And then the thing that we passed in, training path, and let's just get the zeroth one. OK, and so there it is, right? So it ended up calling pyo image dot create with that file name. OK, it also called parent label with that file name. Parent label, OK. And it also called get variety with that file name.

Jeremy, can we look at get variety one more time? I'm just curious how you build the path. I didn't. I removed the path. I called dot no. OK, OK. I see. Yeah, in my original version of this, I did it the other way around, of building back up the path, and then realized that that was kind of stupid.

Yeah, it's unique, so that works. One question. OK, this could be too low level, but just let me know. Can you have multiple get items? Is this the right place to ask that?

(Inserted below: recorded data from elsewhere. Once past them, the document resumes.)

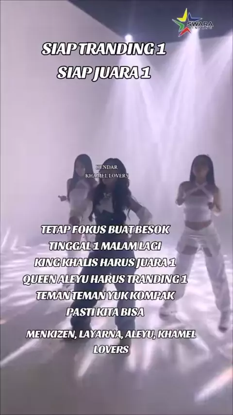 PASTI BISA YUK TEMAN TEMAN QUEEN ALEYU TRANDING 1 KING KHALIS JUARA 1 #lyiatemanrasapacar #lyiatm #swarabintang #swarabintangrecords #swarabintangtalent :SWARA BINTANG SPOTIFY:LYIA IG:lyia_tm #amelia #khalis #aleyuuuuuuuuuuš #khamellovers @Amelia Gusnia @khalissetiawan27 @Teungkuboy @PUJI KURNIAWAN @fauzicarinterior887 @wina.dp @faiz_shahab.28 @nadiaulfa3777 @ayahaisyah5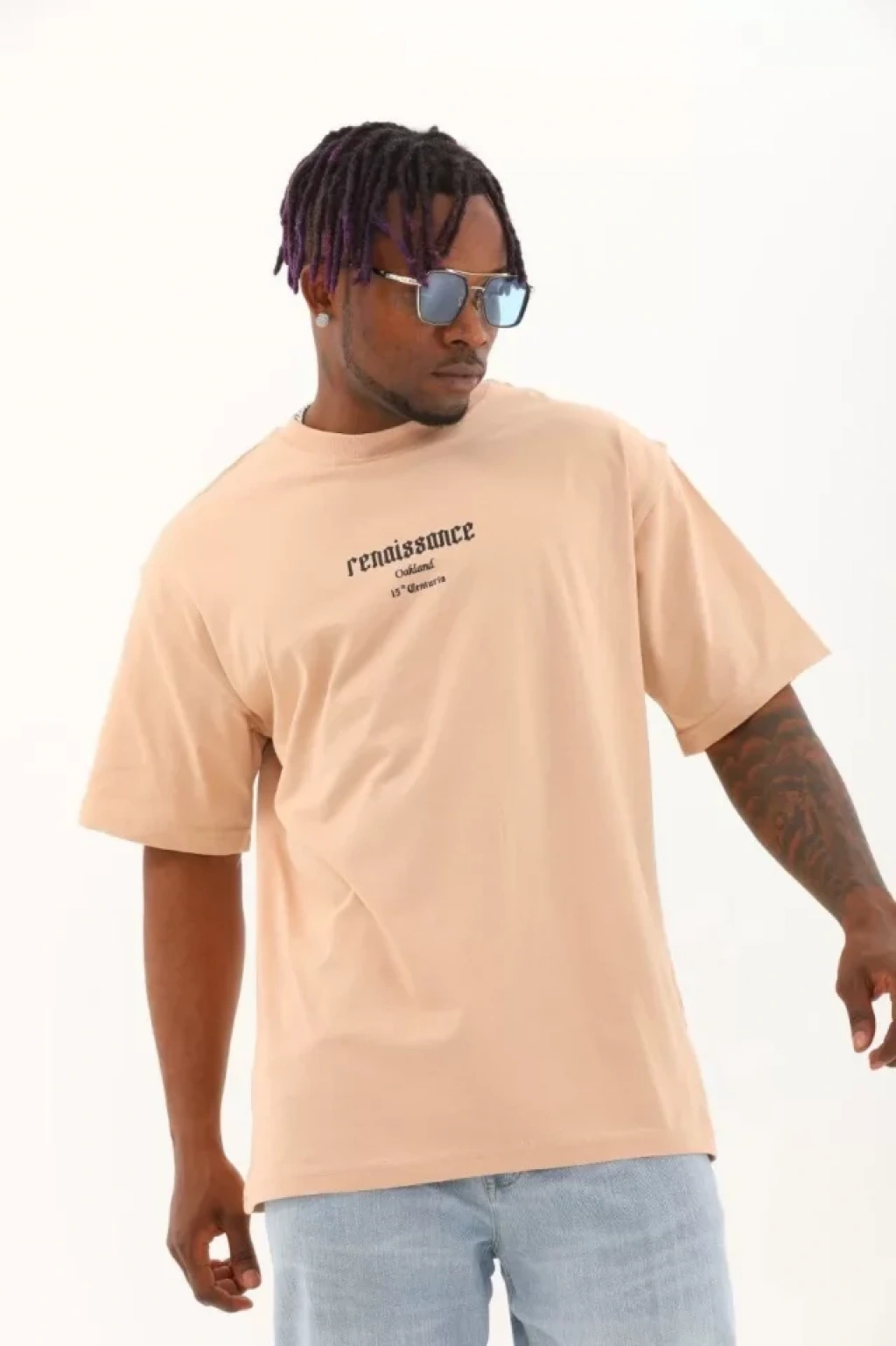 Unisex Oversize Baskılı Bisiklet Yaka T-Shirt - Bej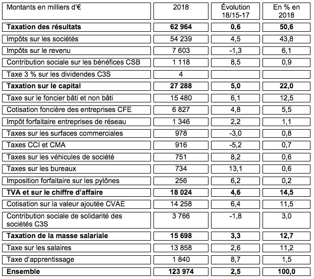 Entre 2018 et la moyenne 2015-2017 ont le plus progressé les taxes sur les bureaux (+13,1 %), la taxe d’apprentissage (+8,7 %), la contribution sociale sur les bénéfices CSB (+8,5 %), la taxe sur véhicules de société (+8, %), la cotisation sur la valeur ajoutée CVAE (+6,4 %), la taxe sur le foncier bâti et non bâti (+6,1 %).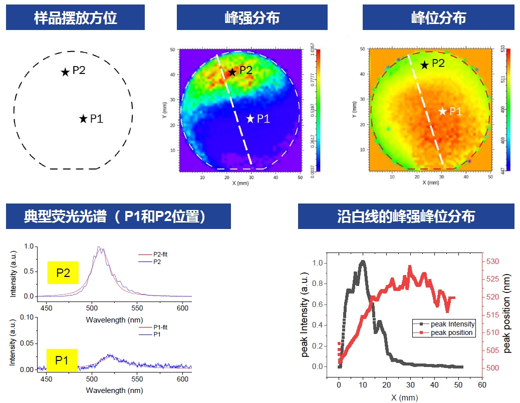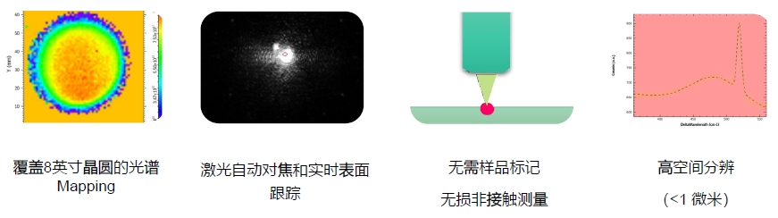 •可对光谱峰位、峰高、半高宽等进行拟合。 •可计算荧光寿命、薄膜厚度、翘曲度等。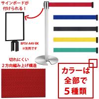お客様にお並び頂く際、サインボードだけでなくベルト自身の色でもご案内ができるように、赤・青・黒・黄・緑の5色のベルトをご用意しました。ベルトはポリエステル樹脂と言うナイロンロープに多く使われる材料を使用し、さらに2方向編み上げ構造によってより強度を増しています。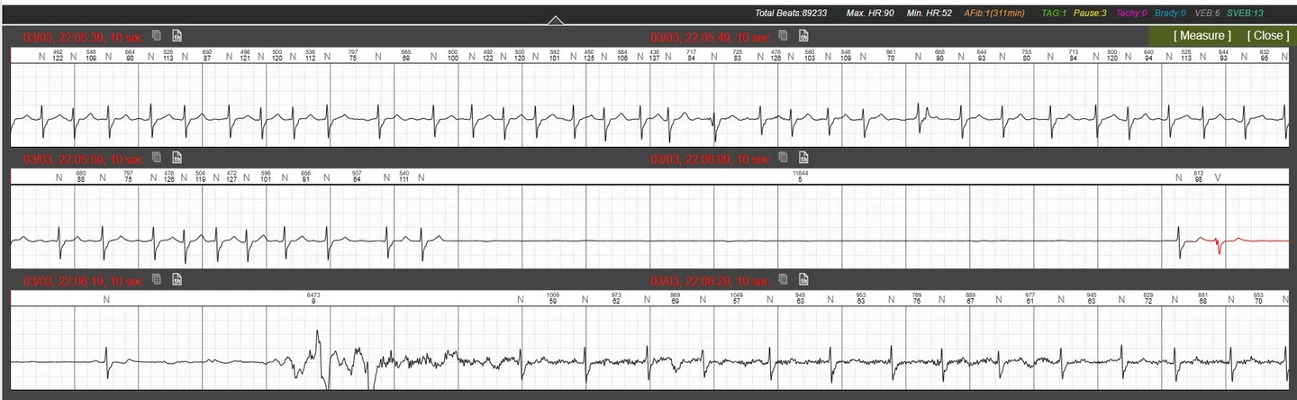 振興醫院心臟團隊指出,心律不整具有發作不規律的特性,傳統短時間的監測往往容易產生漏網之魚。為了打破僵局,醫師安排了長達7天的連續性心電圖監測,終於在海量的數據中,捕捉到患者多次心跳暫停的關鍵瞬間。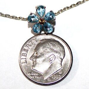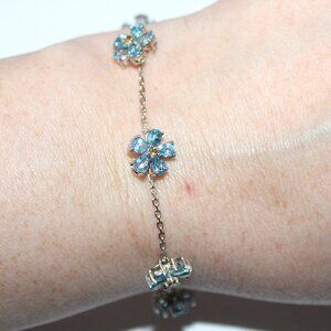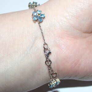 Sterling silver bracelet set with aquamarine and citrine in a flower pattern attached to delicate chain. Blue petal stones test in the aquamarine range on my presidium gem tester and the tiny yellow center stones test in the citrine range.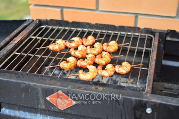 Используя решетку для барбекю, обжарьте креветки на углях с двух сторон до легкой корочки. На это понадобится примерно 3-4 мин. Главное – не передержите креветки, иначе они станут жесткими. Готовое блюдо посыпьте мелко порубленным укропом и зеленым луком.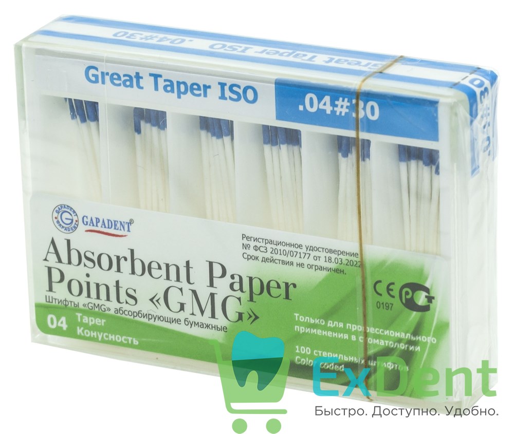 Штифты GMG бумажные абсорбирующие бумажные штифты для подготовки (высушивания) корневых каналов зубов при эндодонтическом лечении.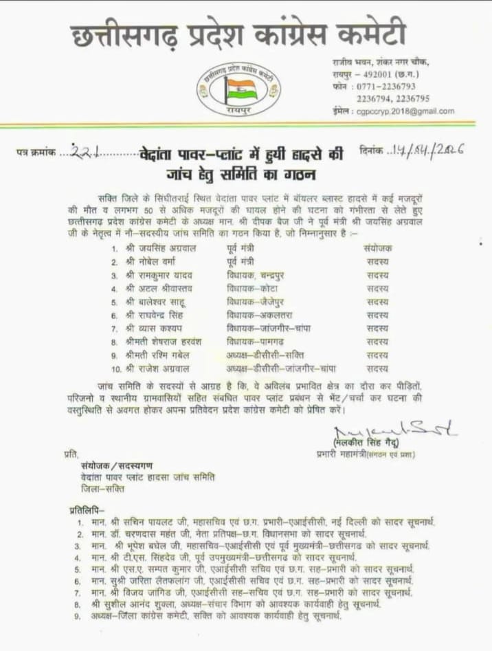 समिति के सदस्य घटनास्थल का दौरा कर पीड़ित परिवारों, घायलों एवं स्थानीय लोगों से मुलाकात करेंगे। साथ ही प्लांट प्रबंधन की लापरवाही, सुरक्षा मानकों की अनदेखी और हादसे के वास्तविक कारणों की पड़ताल कर विस्तृत रिपोर्ट प्रदेश कांग्रेस कमेटी को सौंपेंगे।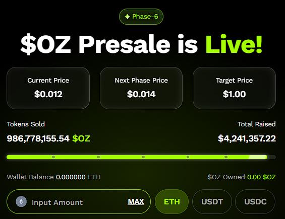 尽管 XRP、DOGE 和 SHIB 持续吸引着人们的关注,但 Ozak AI 正迅速崛起,成为引领下一波浪潮的突破性项目。目前正处于其第六个阶段。OZ预售Ozak AI 首轮发行价为 0.012 美元,已筹集超过 420 万美元,售出超过 9.8 亿枚代币。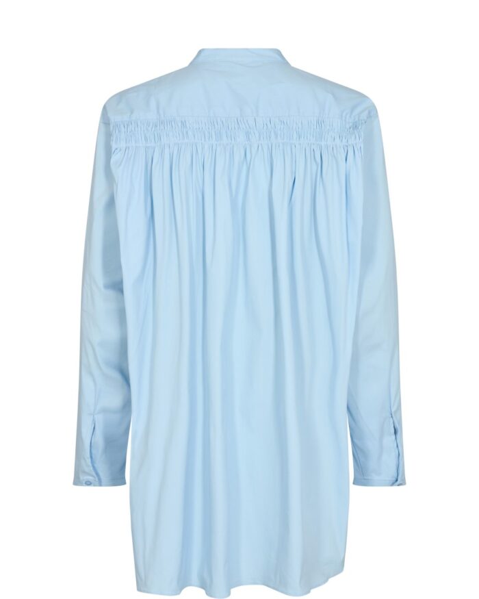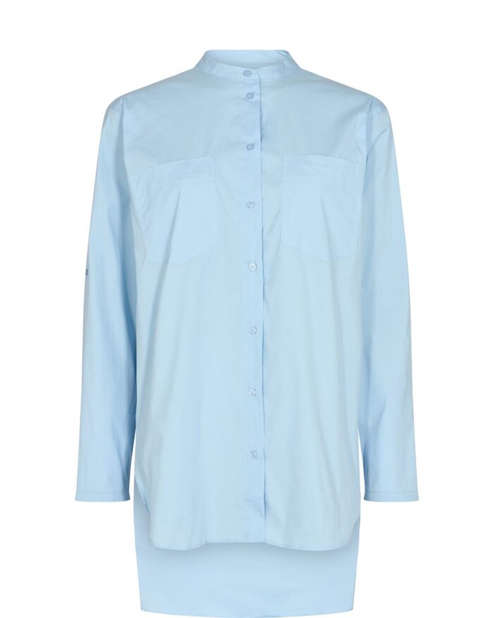 Classic shirt with a modern take in a relaxed fit. This shirt has a cool mandarin collar, classic button closure, front pockets, and wrinkle details with pleats at back. The sleeves hit just above the elbow. Style it with a pair of jeans and sandals.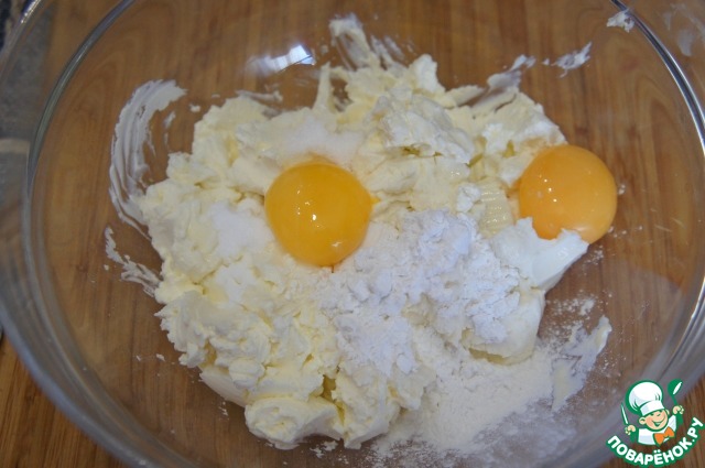 В творог добавить ванилин, крахмал, желтки и хорошо вымешать.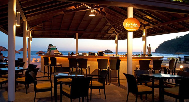 Отдельно заслуживает пляж - вот, ради чего сюда нужно ехать, пологий вход, есть волны, но покататься на них - удовольствие, чистая и прозрачная вода, несколько пляжей, есть на траве, песке, пляжи не загружены. Есть вызов официанта: принесут фруктов или кокосы. Пляж обрамляет скалы, нет ярковыраженных отливов и приливов.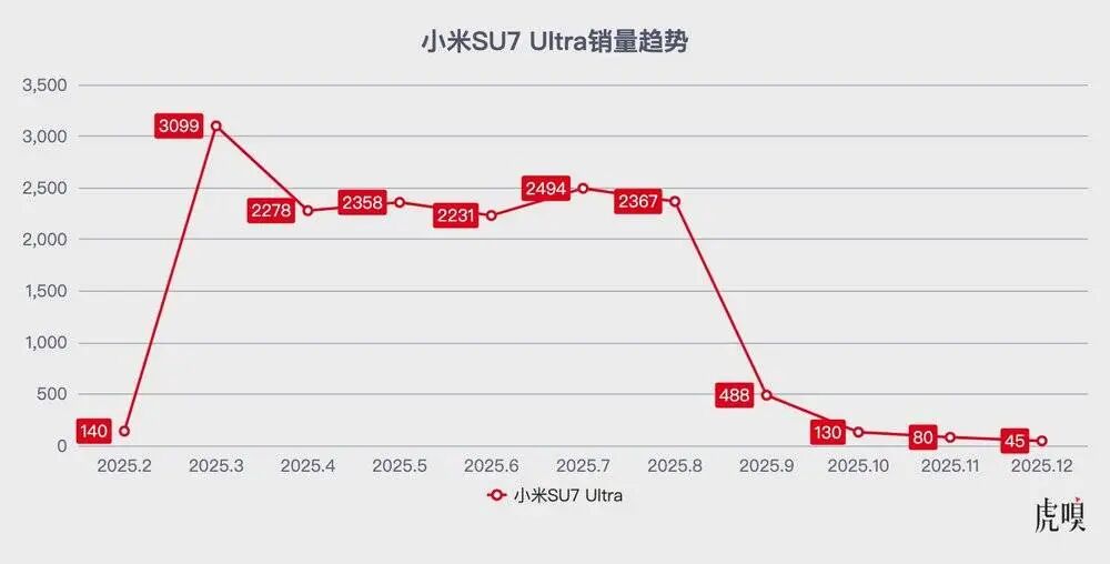 从2025年9月起,小米SU7 Ultra月销量暴跌,直至去年12月份,从最高峰月销三千多辆,下滑到月销只有45辆。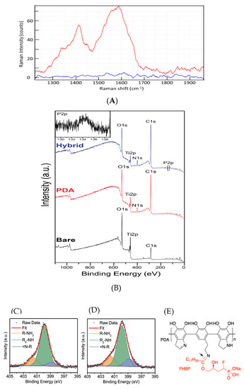The high-resolution N1s analysis provides insight on the possible linking mechanism between FHBP and PDA, which is assumed to be a Schiff-base reaction (Figure 3C-E). The N1s peaks were deconvoluted with three distinctive amine functional groups by referring to the previous report [29]: primary amine (R-NH2) at 401.9 eV, secondary amine (R2-NH) at 399.9 eV and tertiary amine (=N-R) at 398.8 eV. As a result, we could identify the primary amine groups (16%) in the PDA structure (Figure 3C), which should be originated from the un-indolised dopamine unit, as proposed by Liebscher et al. [30]. Considering the presence of the ketone group in FHBP, we expected that the Schiff-base reaction can contribute to the tethering of FHBP on the PDA. Regarding this, we confirmed that the PDA-FHBP (hybrid) Ti has a much higher tertiary amine (=N-R) functionality of 14 at. % (Figure 3D) compared to PDA-Ti, which was 8 at. % (Figure 3C). This should be due to the imine bonds (tertiary amine) formation via the Schiff-base reaction (Figure 3E), which strongly supports our assumption.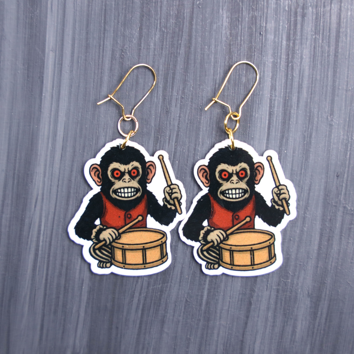 Monkey Earrings. These earrings are made with acrylic and hand heat pressed. Comes with 18k plated gold hooks that is nickel free. Easily put loop through ear and hook back so the earring doesn’t fall out.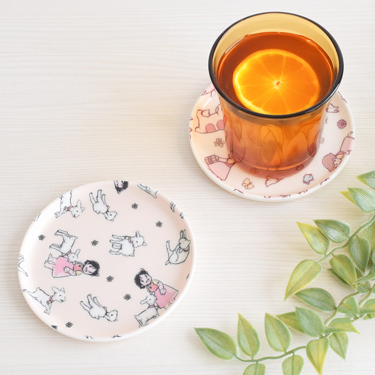アルプスの少女ハイジのデザインが可愛いコースター可愛いハイジのデザインが目を惹く布張りコースター。プリント布地を使用し、表面はコーティング加工で水洗いも可能です。コップやマグカップの下に置けば、食卓に遊び心を添えられます。自分用にはもちろん、プレゼントにもおすすめです。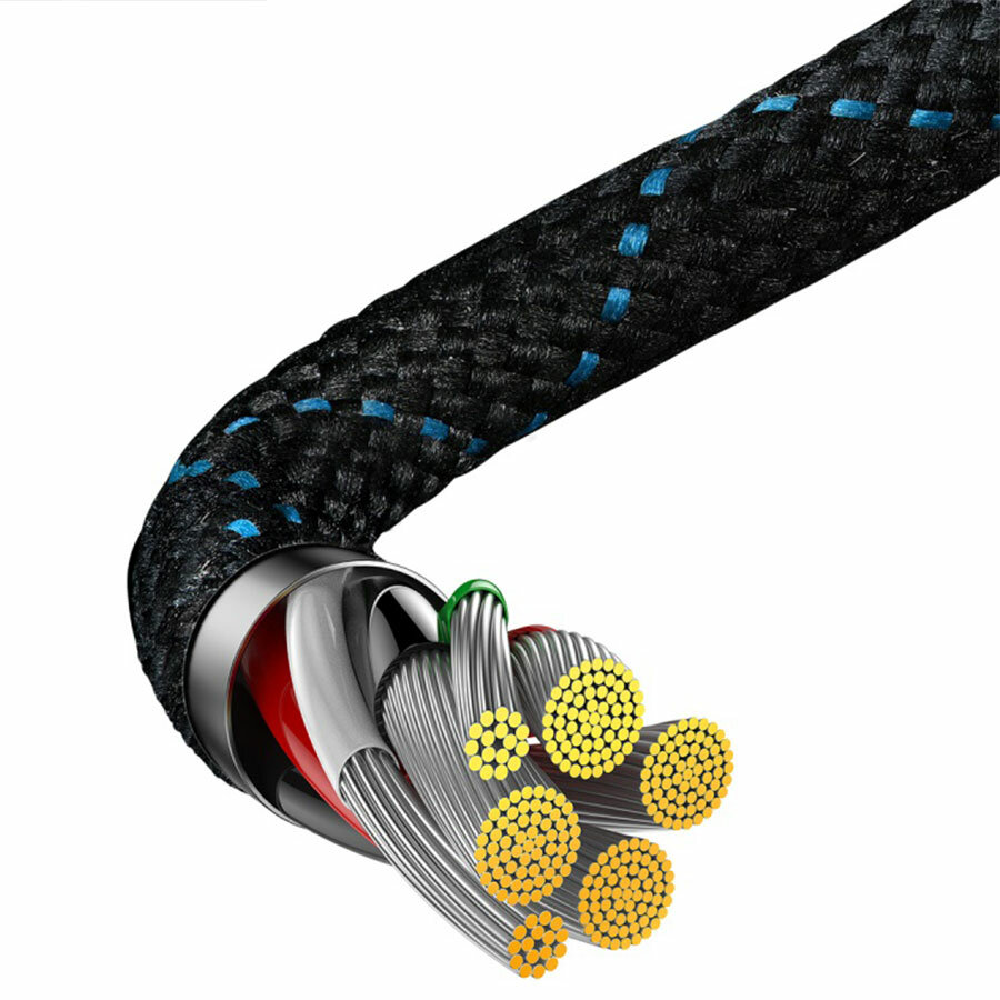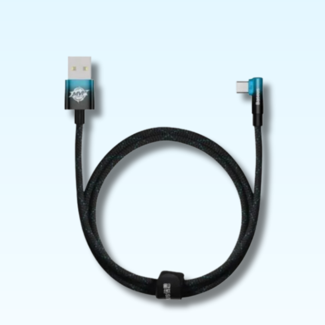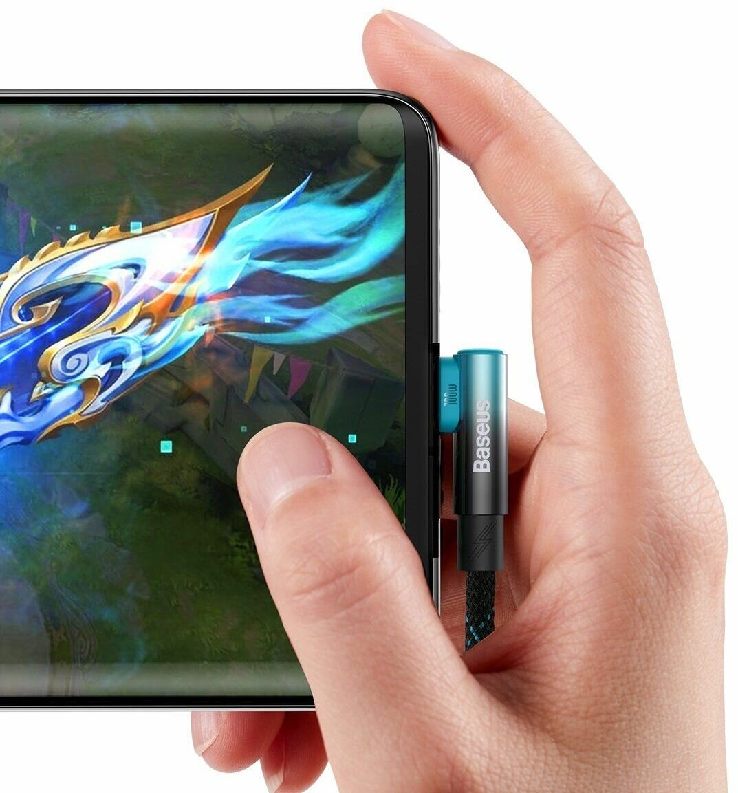 Кабель для игр Baseus MVP 2 Elbow-shaped Fast Charging Data Cable, USB to Type-C, 100 Вт, 1 м, Черный+Синий, CAVP000421

So it wouldn't make sense to have multiple get items, right? Like, get item returns a single thing, but it could be anything you like, right?

It could be it could return a tuple, or a list, or an object, or whatever, right? And so, or dict. And then get y and get x, then the thing's responsible for pulling out the bit that you need to pass to your blocks. Now, we don't need to get x, because image blocks just take paths directly.

If I needed something a bit more like I wanted to put more things and get image files, like have it emit a tuple, then would I have to make my own image block to ignore? No, not your own image block. You would write your own function, just like get image files, that returns the list of all of the objects you want, which have all the information you need.

OK, and then-- It almost never happens. I don't think that's ever happened to me, because nearly always there's a row of a database table, or a path, or something has all the information you need to go out and get the stuff with your get x's and get y's. That's like the central piece of information for each row.

And based on this information, you can read in text, you can read in images, but specific to that one row. Actually, let me show you my hacky version, because this is the version that uses a data frame. So this is-- so the version that uses data frame-- let's see.

Is it right to think, get x's? Yeah, and that's interesting. Let me just do this, and let me come to your question. OK, so in this data block, I started out with a data frame, like so, right? And so by passing into data block.dataload, as I passed in the data frame, it's going to get each row.

And so then get y becomes colreader 1, which is just a function which-- I mean, let's look at it. That doesn't do much. Let's see what it does. So it's done as an object, because you can do things like add in a prefix path and a suffix path, and you can split it with a label delimiter and whatever.

But basically, all it's basically doing, OK, and it checks what kind of thing you're passing in. Basically, all it does is it calls getAtra to grab the column and we-- colreader for context, like reading data frames. Sorry? Is this colreader function specifically for data frames? I mean, it can work with anything, basically, that you're-- so what it's doing here is it's saying, grab that column.

But it's really-- I've only really used it for data frames, but you could use it for anything. But yeah, so basically here, getY is saying, OK, well, let's return the index 1 field and the index 2 field. What's up with getX? So because now we're being passed-- so you can't pass a row of a database table to pailimage.create.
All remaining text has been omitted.